I aware that this is probably not the best place to ask a question, but still let me to do. I am trying to rewrite some of the examples in http://learnyouahaskell.com/functors-applicative-functors-and-monoids. I have difficulties with making a tree an instance of Foldable, i.e. I have defined

type Tree<'a> =
    | Empty
    | Node of ('a * Tree<'a> * Tree<'a>)

type Tree with
    static member treeFold (f) (tree:Tree<_>) (z) =
        match tree with
        | Empty -> z
        | Node (x, left, right) ->
            let l = Tree<_>.treeFold f left z
            let r = Tree<_>.treeFold f right z
            let n = f x z
            let res = f (f l n) r
            res
    static member inline instance (_:Foldr, x:Tree<_>, _) = fun (f, z) -> Tree<_>.treeFold f x z

let testTree =
    let one = Node (1, Empty, Empty)
    let six = Node (6, Empty, Empty)
    let three = Node (3, one, six)
    let eight = Node (8, Empty, Empty)
    let ten = Node (10, Empty, Empty)
    let nine = Node (9, eight, ten)
    let five = Node (5, three, nine)
    five

let _11_r32 = foldr (+) 0 testTree
let _11_r33 = foldr (*) 1 testTree

That works.
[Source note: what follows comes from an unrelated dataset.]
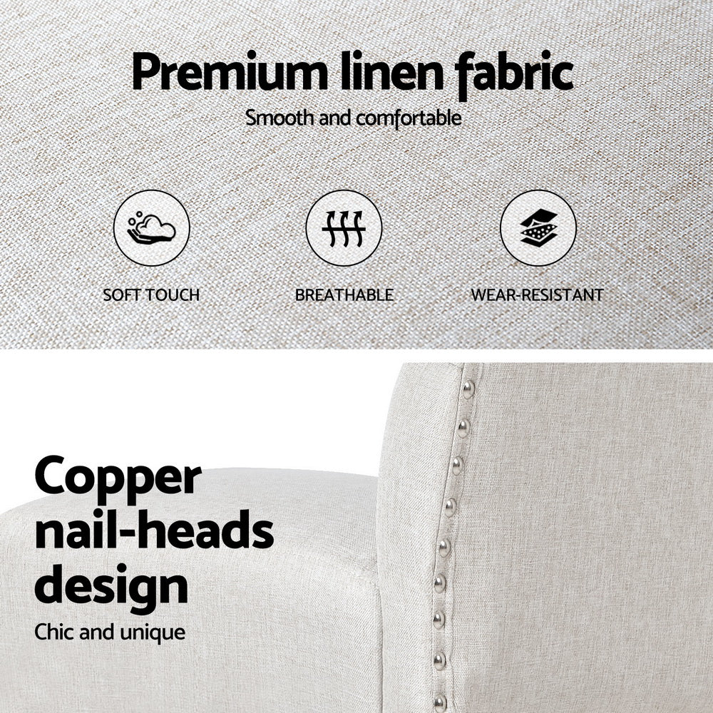 Nothing says elegance quite like an Barstool from Artiss. The tufted button barstools upholstered in neutral, soft linen fabric add a touch of warmth to any stylish living space. The copper nail head trim design adds a unique metallic accent to your décor. The chairs are comprised of a sturdy wooden structure, dense and comfortable padding, sinuous spring support and solid rubberwood legs for a stable, secure chair. A high backrest and built-in footrest keep you comfortable and relaxed while anti-slip floor pads protect your guests from slipping and your floors from scrapes and scratches. Looking for a new way to lighten up your kitchen or living area? Look no further than the Barstool set from Artiss.

However, this does not

let _11_r33a = foldMap (fun x -> Any (x > 15)) testTree

Am I missing something or have I defined anything incorrectly? Thank you.

[gusty]

It seems you defined a restricted fold. Fold signature should be:

treeFold (f:'a -> 'b -> 'b) (tree:Tree<'a>) (z:'b) :'b =

but yours is:

treeFold (f:'a -> 'a -> 'a) (tree:Tree<'a>) (z:'a) :'a =

If you define it like this it works:

static member treeFold f tree z =
    let rec toList = function
        | Empty -> []
        | Node (x, left, right) -> (x :: (toList left )) @ (toList right)
    List.foldBack f (toList tree) z

[vstastny]

Confirm, this works. However, drawback is that the whole structure is first transformed into other structure (first gone through) and the new structure is then gone through again. Moreover, lists appending is not efficient. If I understand correctly that the tree needs to be converted into the structure which is already instance of Foldable type, then the issue is in efficiency of transformation.

[gusty]

No, don't get me wrong and sorry if wasn't clear enough. I agree it was not an efficient implementation, I was lazy, but no, you don't need to convert it to a list. Much better would be something like this:

static member treeFold f tree z =
    match tree with
    | Empty -> z
    | Node (x, left, right) -> Tree<_>.treeFold f right (Tree<_>.treeFold f left (f x z))

Anyway I just wanted to show you that you had a bug in your foldTree implementation where the type of the final result was restricted to be the same as the type contained on the Tree. Your problem has nothing to do with the project, you can implement your foldTree in any way, you can use whatever you want, loops, mutable states, there is no restriction with the implementation, but the fold function should actually do the work, the function you defined doesn't fold when f changes the original type. As an example this will fail with your foldTree definition:

Tree<_>.treeFold (fun x y -> string x + y) testTree ""

And this has nothing to do with FsControl, it will fail even before using the project.

[vstastny]

Yes, you are right. Misunderstanding on my side. Thank you for your help.